Evaluation Metrics. We use the standard mean Average Precision (mAP) with IoU thresholds ranging from 0.5 to 0.95 across various object scales as metrics.

Implementation Details. We incorporate our three key modules into commonly-used one-stage detectors, including RetinaNet [30], GFL [31], and YOLOv5 [2]. For RetinaNet and GFL, we adopt the implementations in MMDetection toolbox [58]. For YOLOv5, we use its official implemtation [2]. We keep the training setting consistent with the corresponding baselines.

Inference Efficiency Evaluations. We assess the inference efficiency of our method (Python implementation) on the edge device NVIDIA AGX Orin with 64GB memory. We also evaluate the complexity of our method using FLOPs and the number of parameters. All results are presented in Tables I and II.
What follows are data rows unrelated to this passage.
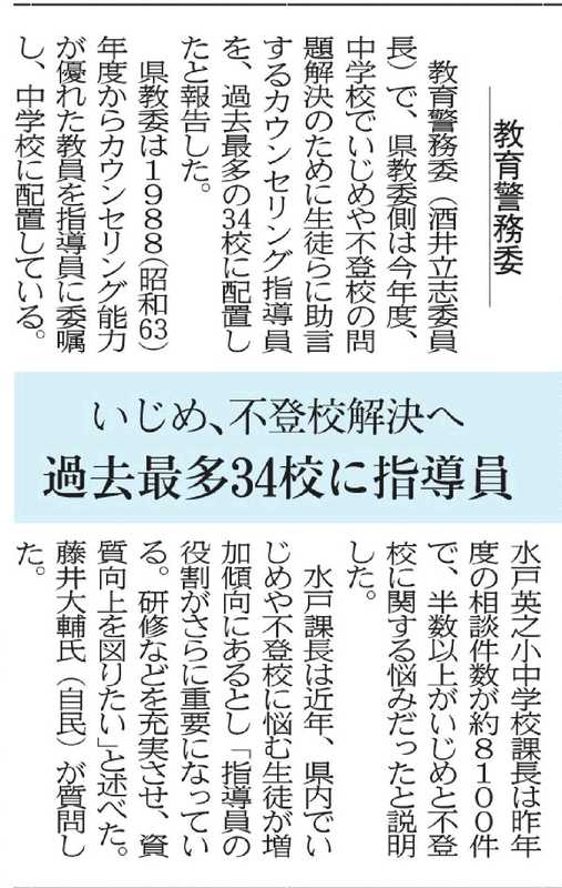 ホーム>政党・政治家>藤井 だいすけ (フジイ ダイスケ)>富山県教育の独自の施策に、公立中学校のカウンセリング指導員(教育相談を専任とした教員)の配置が...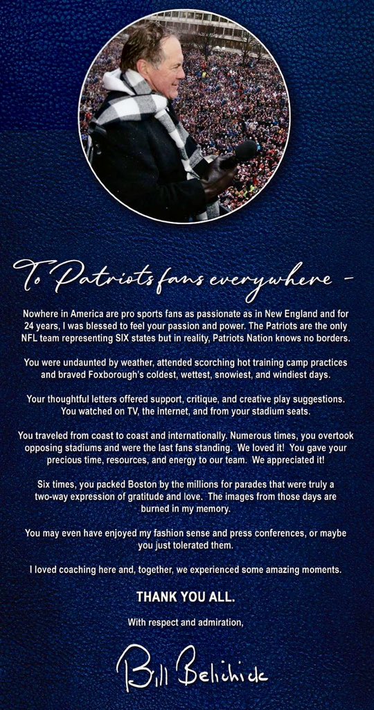 Source : www.patriots.comDan Roche on X: “Bill Belichick’s full page โthank youโ to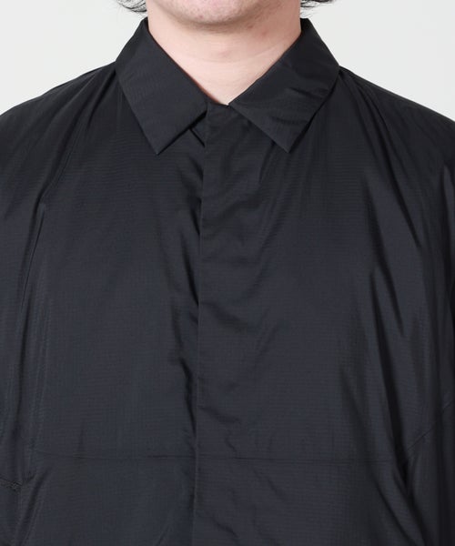 【デザイン】ARC'TERYX VEILANCE(アークテリクス ヴェイランス)のジャケット。シャツカラーを採用したミニマルなデザインに、軽量インサレーションの機能性を融合した一着です。フロントは隠しファスナー仕様で、無駄のないクリーンな印象に。首元のスナップボタンやウエストの調節機能により、シルエットのアレンジも可能です。すっきりとしたラインでありながら程よいゆとりを持たせており、インナーを選ばず幅広いスタイリングに対応。パッカブル仕様でコンパクトに収納できるため、持ち運びにも便利で旅行や出張時にも重宝します。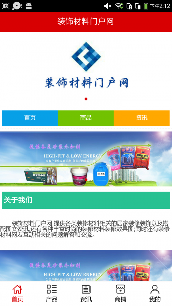 装饰材料门户网App不仅具备购物、查询订单、搜索商品、行业资讯和产品评价等常用功能,而且还实现了手机版特有的会员注册登录、广告位、招商开店等功能。目标是整合当地品牌商、生产商、经销商,为商家和消费者之间提供一站式解决案。

IV-B Performance Evaluation

Table I and Table II present the performance of our method on the M3FD [1] and FLIR [35] datasets. Key observations include: (1) the medium-fusion strategy adds more parameters and FLOPs compared to the early-fusion strategy; (2) the medium-fusion strategy achieves better performance compared to single-modality inputs, whereas the plain early-fusion strategy does not consistently improve performance; (3) our EME method, incorporating the ShaPE module, weakly supervised learning, and CoreKD techniques into the plain early-fusion strategy, achieves significant performance improvement without significantly increasing parameters and FLOPs; (4) the inference time of our EME method is longer than that of the baseline method, since the structural similarity computation process has not been optimized when calculating the self-gating mask; (5) our EME method can outperform the medium-fusion strategy in both performance and efficiency to some extent.
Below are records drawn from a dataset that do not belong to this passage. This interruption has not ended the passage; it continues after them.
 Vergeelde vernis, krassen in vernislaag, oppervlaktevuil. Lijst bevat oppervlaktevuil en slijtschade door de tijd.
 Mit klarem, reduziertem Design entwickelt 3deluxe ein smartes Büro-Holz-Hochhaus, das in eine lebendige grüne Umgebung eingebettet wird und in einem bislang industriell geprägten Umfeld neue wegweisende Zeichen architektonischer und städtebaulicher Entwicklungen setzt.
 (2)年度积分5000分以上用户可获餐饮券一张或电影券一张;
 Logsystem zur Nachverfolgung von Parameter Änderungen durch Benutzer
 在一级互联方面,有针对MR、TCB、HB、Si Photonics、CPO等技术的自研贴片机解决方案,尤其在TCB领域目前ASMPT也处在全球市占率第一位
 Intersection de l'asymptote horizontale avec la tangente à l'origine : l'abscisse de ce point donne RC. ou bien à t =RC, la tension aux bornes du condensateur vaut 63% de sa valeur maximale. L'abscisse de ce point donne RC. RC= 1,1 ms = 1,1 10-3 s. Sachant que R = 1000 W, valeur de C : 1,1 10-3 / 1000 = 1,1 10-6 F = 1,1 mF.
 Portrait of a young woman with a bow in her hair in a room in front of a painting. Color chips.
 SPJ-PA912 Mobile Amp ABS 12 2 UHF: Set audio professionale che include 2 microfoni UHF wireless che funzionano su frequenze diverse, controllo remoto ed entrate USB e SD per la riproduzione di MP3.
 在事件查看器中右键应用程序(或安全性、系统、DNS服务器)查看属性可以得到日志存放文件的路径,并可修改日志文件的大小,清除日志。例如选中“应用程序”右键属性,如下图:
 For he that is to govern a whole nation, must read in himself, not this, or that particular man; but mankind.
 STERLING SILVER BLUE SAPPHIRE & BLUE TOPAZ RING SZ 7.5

Fig. 12 and Fig. 12 present visualization results for two example scenes from M3FD [1] and FLIR [35] datasets, respectively. We observe that false positives or false negatives in the single-modality results may affect the plain early-fusion strategy. For instance, the person missed in Fig. 12 (e) is also absent in Fig. 12 (g), despite being detected in Fig. 12 (f). Moreover, false positives in Fig. 12 (f) affect the detection results of plain early-fusion, as shown in Fig. 12 (g). These phenomena confirm that the problem of information interference is a key obstacle to performance in the plain early-fusion strategy. Clearly, our EME effectively alleviates this problem.
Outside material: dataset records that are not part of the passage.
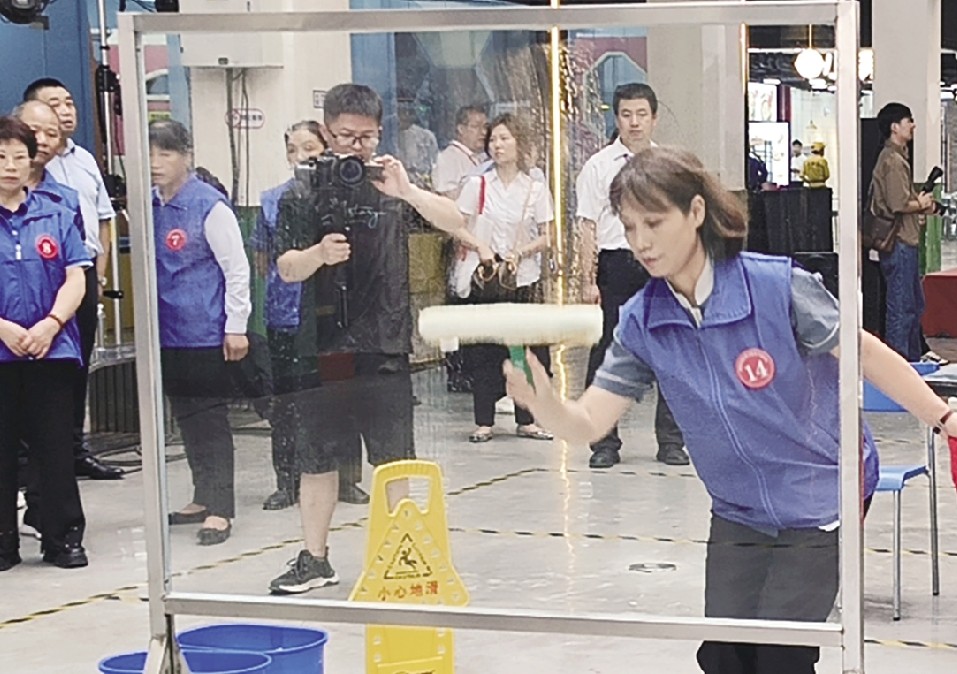 当天,来自全省的168名清洗保洁行业从业者,在西安“大华1935”和长安国际大厦打擂“比武”。竞赛内容包含公共卫生间清洁、高空清洗、玻璃清洁、不锈钢清洁、洗地机操作等。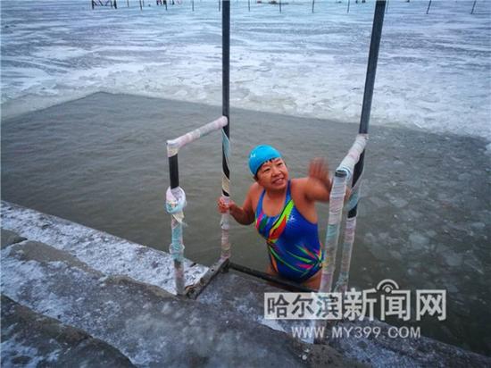 在王丽梅、马彩云、冯学慧几个女队员的陪伴下,郑青峰一个猛子扎进冰河,迅速钻出水面后,赶紧往岸边游,一秒,两秒,三秒,她快速出水。上岸后的她不知是激动还是冷,声音有些颤抖地说:“太爽了,太爽了!”郑青峰说,这是她第三次来哈尔滨,第二次下冬泳池,这样的体验,让她终生难忘!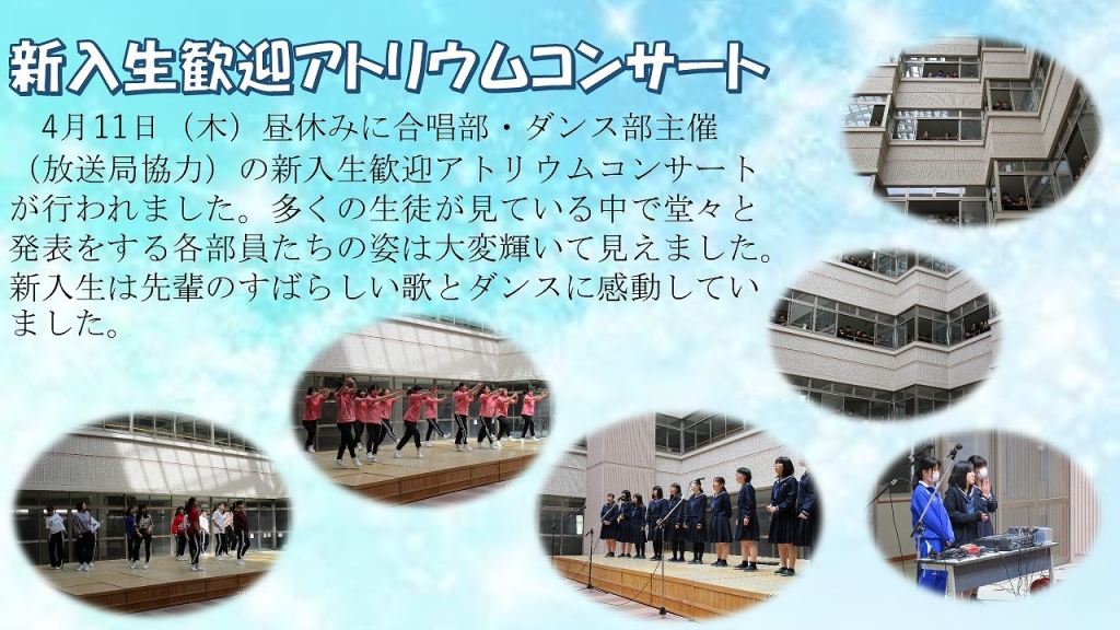 4月11日(木)昼休みに合唱部・ダンス部主催(放送局協力)の新入生歓迎アトリウムコンサートが行われました。多くの生徒が見ている中で堂々と発表をする各部員たちの姿は大変輝いて見えました。新入生は先輩のすばらしい歌とダンスに感動していました。

IV-C Comparison with the State-of-The-Art Approaches

We use the one-stage YOLOv5 [2] detector as the baseline, and incorporate our proposed modules to construct the effective multispectral early-fusion (EME) model. Table III and Table IV compares our EME and previous state-of-the-art approaches on M3FD [1] and FLIR [35] datasets.

In Table III, we compare our EME with 10 state-of-the-art image-fusion-based object detection approaches [40, 24, 41, 25, 42, 43, 44, 45, 1, 46]. We first generate fused images based on their official implementations, and then train YOLOv5 [2] using these fused images with the same training settings. The results show that our EME achieves state-of-the-art performance. We observe that the results in Table III (a) are obviously better than those in Table III (b). This demonstrates that random splitting causes information leakage and makes it difficult to improve performance. Fig. 13 presents an example scene for visualization.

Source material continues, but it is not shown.